▸ Task to carry out
Write the lines out again, from the top of the material to the line containing "Häufig arbeitet Kleßmann", pictures excluded.

Material shown section start

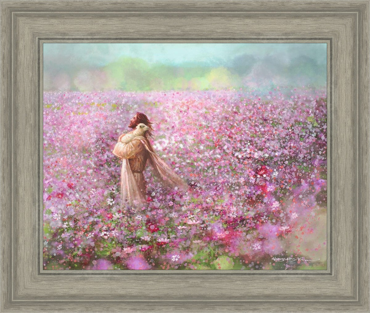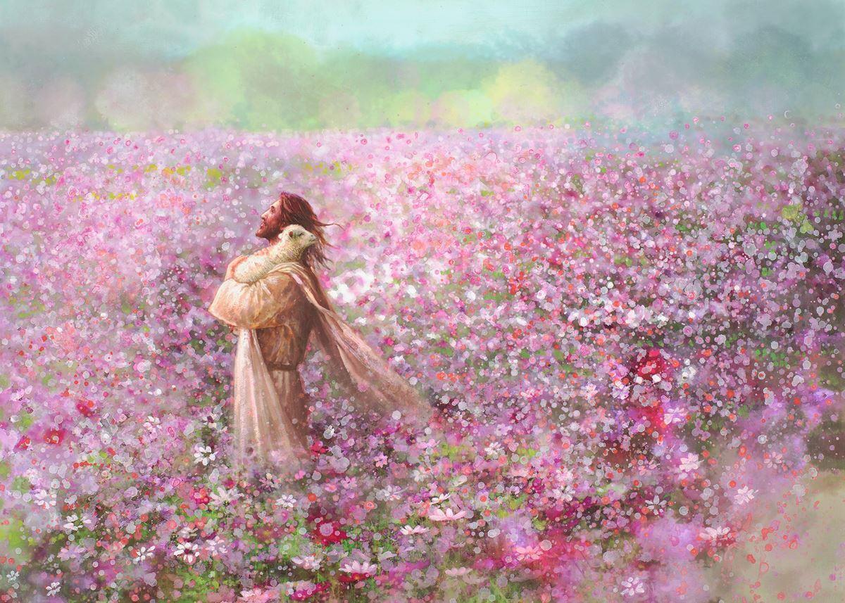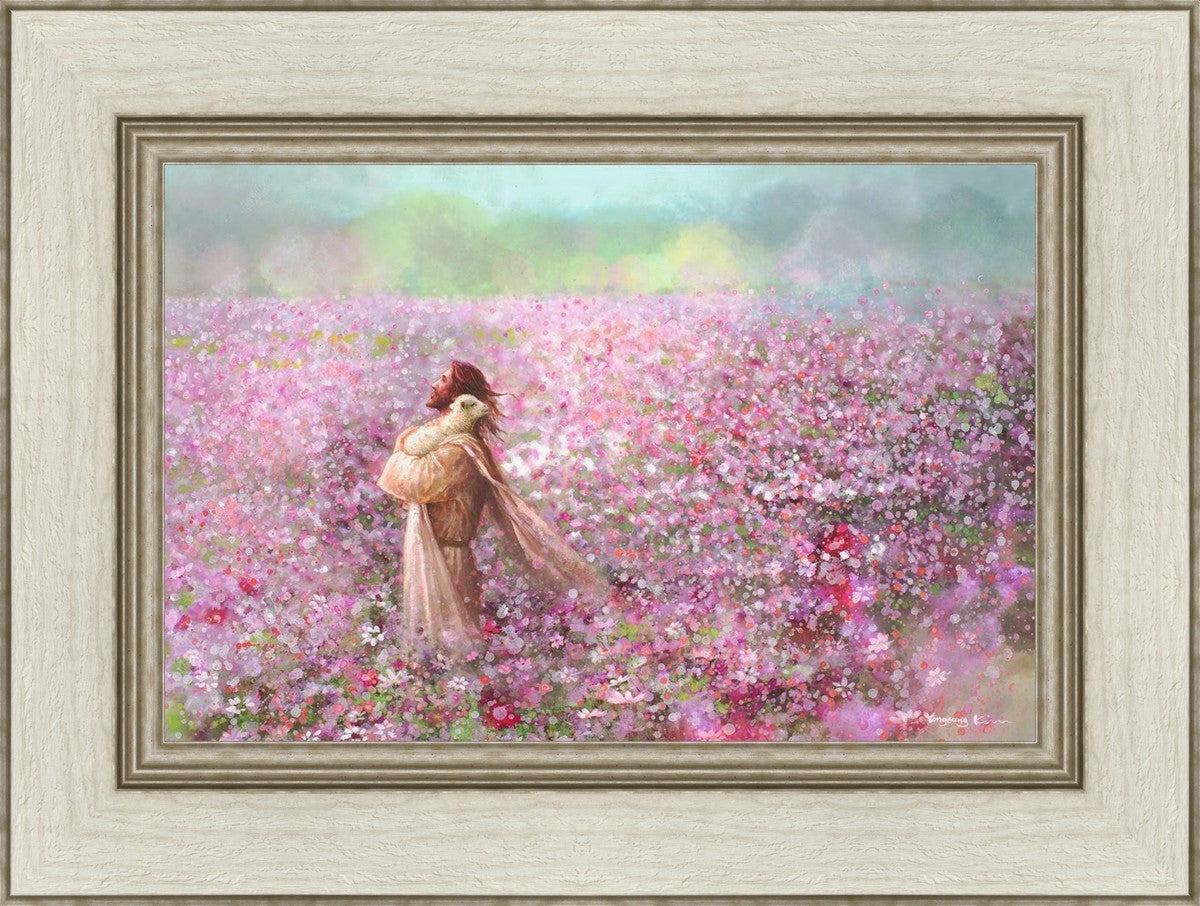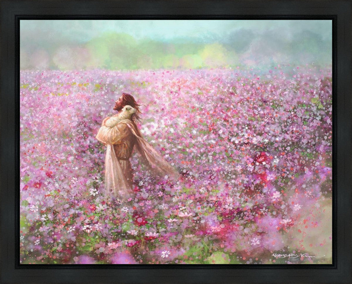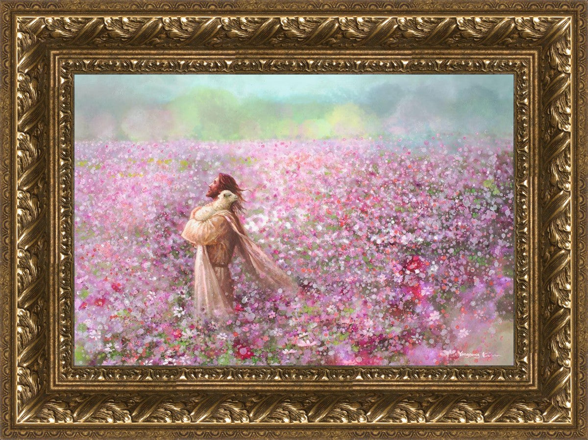 The Calming Embrace by Yongsung Kim is a painting depicts Jesus Christ holding a lost lamb in a field of pink and purple flowers. This painting by Yongsung Kim can help create calm in your own life and you imagine Christ embracing your personally.
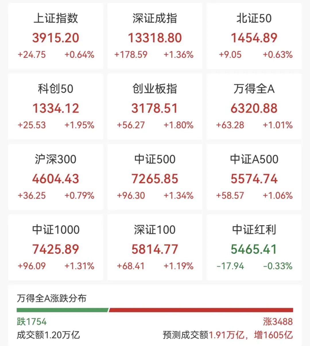 12月22日上午,A股市场震荡拉升,沪指收复3900点关口,创业板指一度涨超2%,截至午间收盘,沪指涨0.64%,深成指涨1.36%,创业板指涨1.8%。
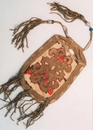 形态特征:皮质方形烟口袋,上端用皮条收紧,皮条的两端装饰料珠,边缘装饰有皮条穗,烟口袋下方有六处皮穗装饰,表面用棕色线条盘出如意云纹,底子为黑皮,部分黑皮下面衬出红布,红布有四处,上方一处,下方三处,都在树叶形下方,部分黑皮干裂后脱落
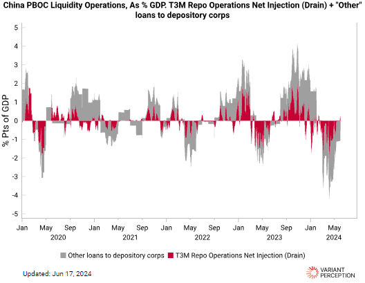 China PBOC Liquidity Operations #chartoftheday (via @VrntPerception) The PBOC’s balance sheet has been shrinking YTD and liquidity operations have been draining liquidity so far, data from Variant Perception shows.
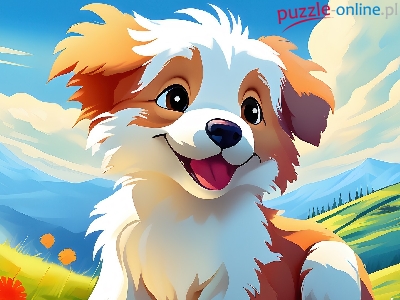 Puzzle Szczeniak, Grafika, Pies, Góry
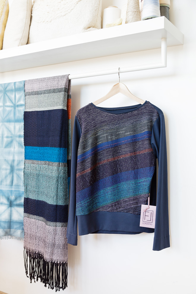 Häufig arbeitet Kleßmann mit Firmen aus dem Interior- oder Fashion-Bereich zusammen, wie etwa mit der befreundeten Modedesignerin Florentine Krieß, welche die handgewebten Stoffe beispielsweise zu Pullovern (im Bild) weiterverarbeitet. Die meisten Aufträge kommen jedoch von Privatpersonen.
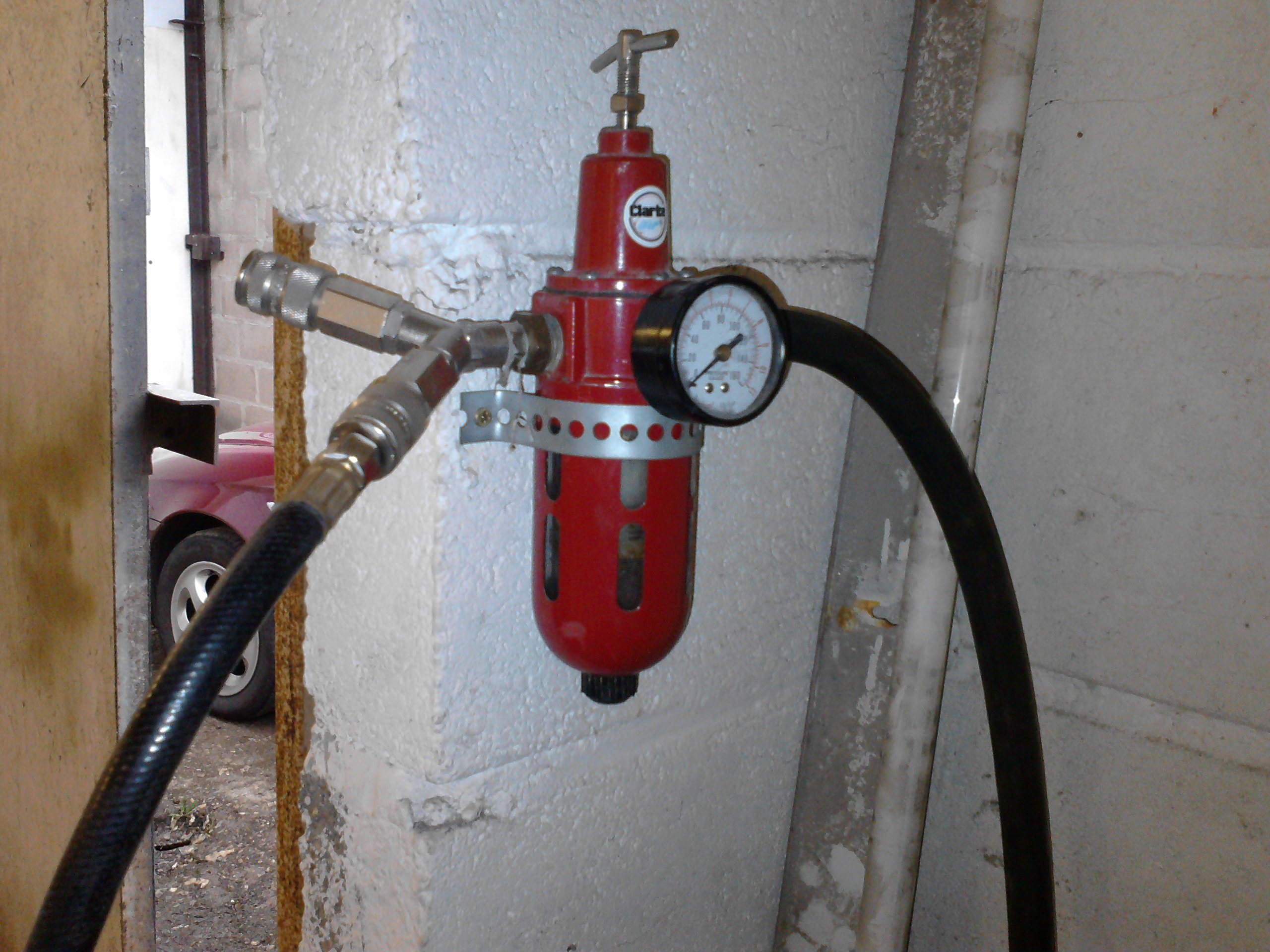 made up a bracket and fitted the regulator/water trap so all ready for use for saturday 8-)
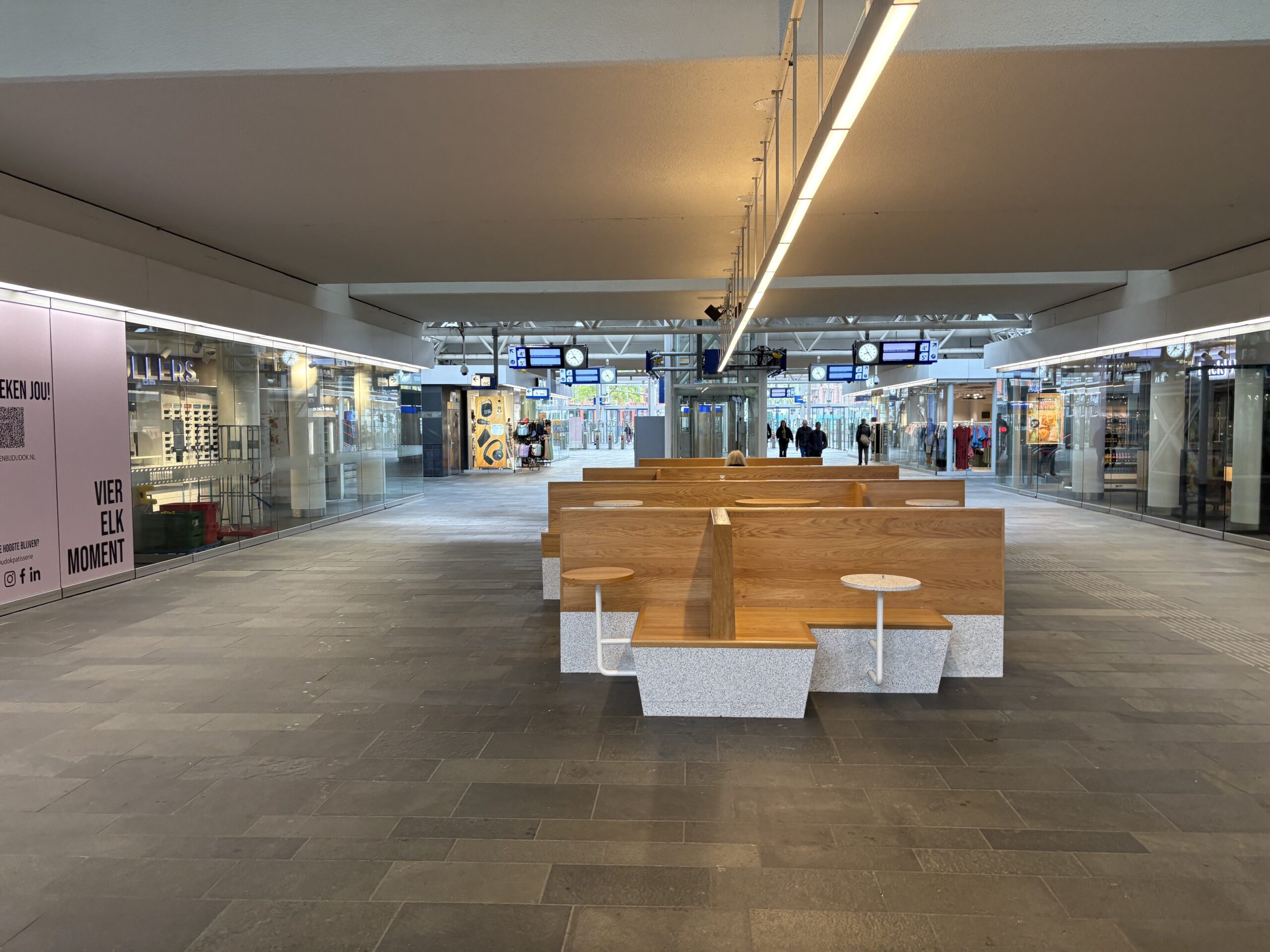 Een verlaten stationshal en lege sporen bij station Leiden Centraal. (Foto’s: Michiel Beijen)

Material shown section end

▸ Answer to this task
 The Calming Embrace by Yongsung Kim is a painting depicts Jesus Christ holding a lost lamb in a field of pink and purple flowers. This painting by Yongsung Kim can help create calm in your own life and you imagine Christ embracing your personally.
 12月22日上午,A股市场震荡拉升,沪指收复3900点关口,创业板指一度涨超2%,截至午间收盘,沪指涨0.64%,深成指涨1.36%,创业板指涨1.8%。
 形态特征:皮质方形烟口袋,上端用皮条收紧,皮条的两端装饰料珠,边缘装饰有皮条穗,烟口袋下方有六处皮穗装饰,表面用棕色线条盘出如意云纹,底子为黑皮,部分黑皮下面衬出红布,红布有四处,上方一处,下方三处,都在树叶形下方,部分黑皮干裂后脱落
 China PBOC Liquidity Operations #chartoftheday (via @VrntPerception) The PBOC’s balance sheet has been shrinking YTD and liquidity operations have been draining liquidity so far, data from Variant Perception shows.
 Puzzle Szczeniak, Grafika, Pies, Góry
 Häufig arbeitet Kleßmann mit Firmen aus dem Interior- oder Fashion-Bereich zusammen, wie etwa mit der befreundeten Modedesignerin Florentine Krieß, welche die handgewebten Stoffe beispielsweise zu Pullovern (im Bild) weiterverarbeitet. Die meisten Aufträge kommen jedoch von Privatpersonen.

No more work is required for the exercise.